I'd like to borrow a line from my objectivist friends - when your conclusions point to something this unsatisfactory it's time to "check your premises." "Fluke," after all, is merely a term for something you cannot explain. Liberty in Eastern Europe is not a fluke, it was an ideal tenderly preserved through times of outrageous oppression, nurtured carefully by its adherents on both sides of the Iron Curtain, and allowed to flower in the muck that was the chaos of post-Gorbachev Europe. The conditions that led to this chaos were legion, with more causes and actors than will ever be known, much less listed here. But the goal was always there, and reaching it was not by accident.

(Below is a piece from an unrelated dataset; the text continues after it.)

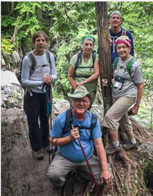
Rest stop and photo op at Little Wilson Falls on the AT section hike Little Wilson Falls to Monson.

Thanks to all the Maine AMC leaders and members who supported the Appalachian Trail Conference in August. Over a dozen Maine Chapter leaders led more than 20 hiking and biking trips and excursions over five days of the conference.

Reagan deserves credit for inspiration if for nothing else. His principal function was not to spend the Soviet Union into extinction, it was to raise morale and to remind us that the ideals that had been deliberately marginalized and dismissed during the practiced cynicism of the Carter years were, in fact, real, and their proponents sincere, and most of all, that they were attainable. It is that last that socialism and its proponents have never been able to offer, attainability, and they have, by way of compensation, substituted a contrived world-weariness that held that because their ideals were unattainable all ideals were so, that because their ideals were merely buttons to push to manipulate a desired mass reaction, that all ideals were that as well. It was Reagan who reminded us that this was not the case. He meant it, and between us all, East and West, we proved him right.
Very well said and worth posting again, IMNTBHO.